Was Alexander McQueen's concrete padded cell a metaphor for the madness of fashion or the madness of modern business? In McQueen…

Was Alexander McQueen's concrete padded cell a metaphor for the madness of fashion or the madness of modern business? In McQueen's current state of mind as he fights for more creative control at Givenchy, it could have been either. My money, however, is on the latter, judging by the slick, aggressively 1980s tailoring paraded around inside, which every professional working woman would give her eye-teeth to wear.

McQueen took over an abandoned bus depot near the Thames and built a large sealed white box with walls of mirrors that meant the audience could see inside but the trapped models couldn't see out.

This was a disturbing act of voyeurism. With their heads wrapped in white bandages, to make their faces look more angelic, models stumbled about trying to peer through the walls in a deranged manner. They anxiously plucked at their clothes and smiled in a strange idiotic way. It was a sinister piece of theatre but was executed magnificently to show off one of the best collections McQueen has produced.

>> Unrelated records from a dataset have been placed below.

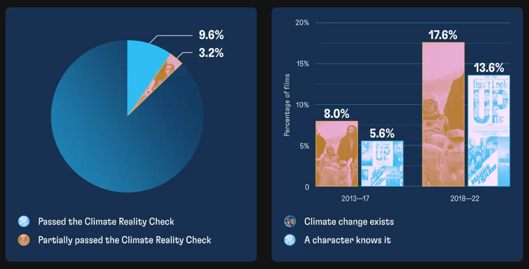 영화에서 기후 변화의 현실이 반영되고 있는지를 확인하기 위해 연구팀은 Climate Reality Check를 사용하여 20213년에서 2022년 사이에 개봉한 가장 인기 있는 영화 250편을 대상으로 체계적인 콘텐츠 분석을 진행했다. 여기서 영화는 극영화만을 선정하였고 2006년 이전을 배경으로 한 영화, 2100년 이후를 배경으로 한 영화, 은하계 공상과학 영화, 하이판타지 영화, 지구를 배경으로 하지 않는 영화를 제외했다.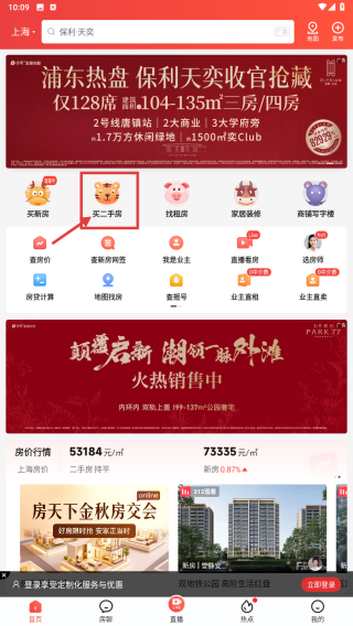 1、打开房产类应用,点击买二手房功能入口,进入二手房查询页面。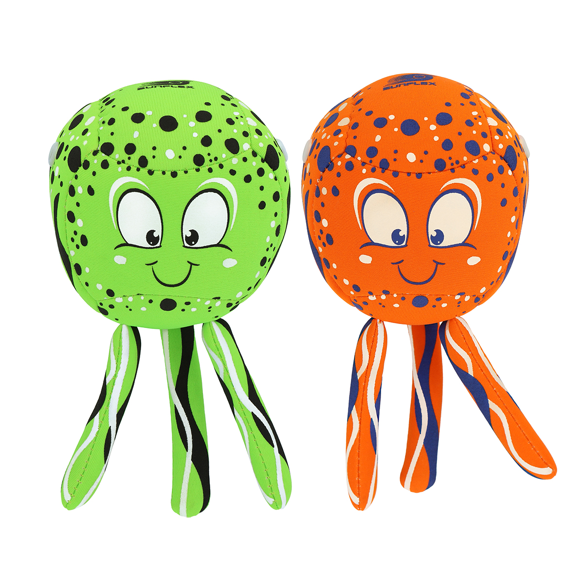 La balle descend de plus en plus vite après avoir été immergée dans l'eau. Pendant l'immersion, attrape l'article avant qu'il n'arrive au fond de la piscine. Diamètre de 9 cm. Balle avec tentacules. Remplie de mousse en haut et de sable en bas, avec des trous sur le dessus pour que la mousse puisse être remplie d'eau et recouverte de néoprène.
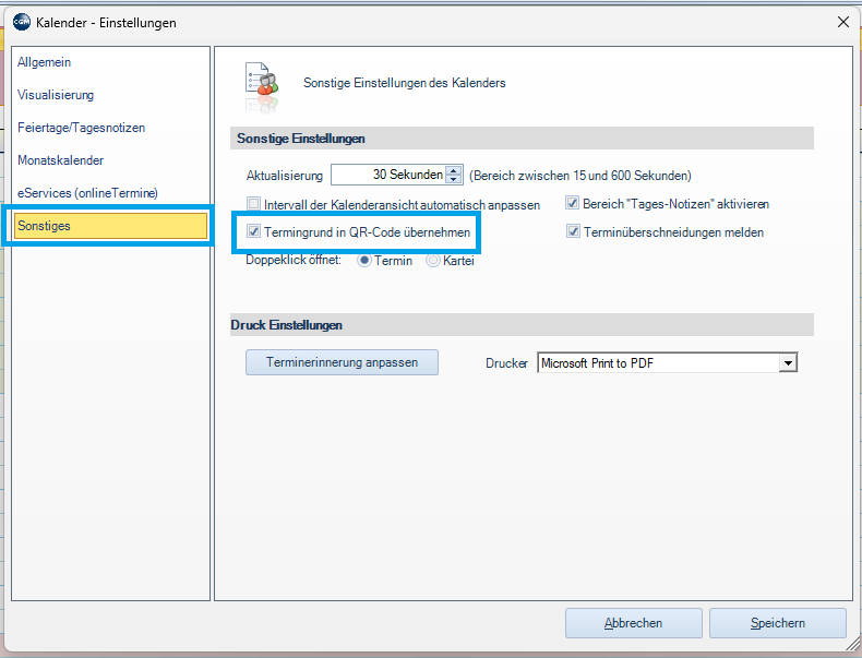 Im TMS (Termin-Management-System) kann nun in den Einstellungen entschieden werden, ob der Termingrund in den QR Code übernommen werden soll oder nicht.

As fashion moves around to the sort of sharp-looking tailoring that McQueen is so skilled in creating, we witnessed lean tailored pant suits in Prince of Wales check, one with chinoiserie-embroidered kimono sleeves, slim leather dresses and elegant belted coats. This may be great showmanship, but these clothes are very practical.

READ MORE

The chinoiserie embroideries were exquisite, as was the jigsaw waistcoat, but they were eclipsed by the two remarkable shell dresses modelled by Erin O'Connor and Amy Wesson. Wesson clawed and ripped her mussel shell dress, angrily stamping on the broken shells. O'Connor plucked at her razor shell dress as if in anguish. A third dress, a full stiff silhouette made of beautiful Tahitian shells, however, survived the show.

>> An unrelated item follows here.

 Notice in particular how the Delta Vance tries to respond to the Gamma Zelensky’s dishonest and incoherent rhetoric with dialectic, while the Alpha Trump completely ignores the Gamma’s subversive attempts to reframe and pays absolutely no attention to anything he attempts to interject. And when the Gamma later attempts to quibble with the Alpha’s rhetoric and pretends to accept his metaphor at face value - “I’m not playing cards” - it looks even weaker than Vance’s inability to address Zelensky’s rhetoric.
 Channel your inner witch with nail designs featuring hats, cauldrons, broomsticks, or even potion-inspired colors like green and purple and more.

For his finale, McQueen was inspired by the images of photographic artist Joel Peter Witkin. A glass tank in the middle of the padded cell shattered to release a cloud of moths and butterflies and the sight of a naked painted woman with feathered ears and tubes coming out of her, proffering a disturbing modern rendition of a classical artist's Odalisque.

For sheer scale and spectacle how can anyone in London beat that? Sadly not Nicole Farhi or Ronit Zilkha whose shows come in the closing stages of London Fashion Week. Their clothes are lovely, and wearable, notably Farhi's wonderful buccaneer shirts and bloused tunics over drainpipe trousers; and Zilkha's pretty pink sequin and rose-print wrap dresses and skirts. However, in terms of creating images that last I am afraid McQueen's collection will be remembered for a long time to come.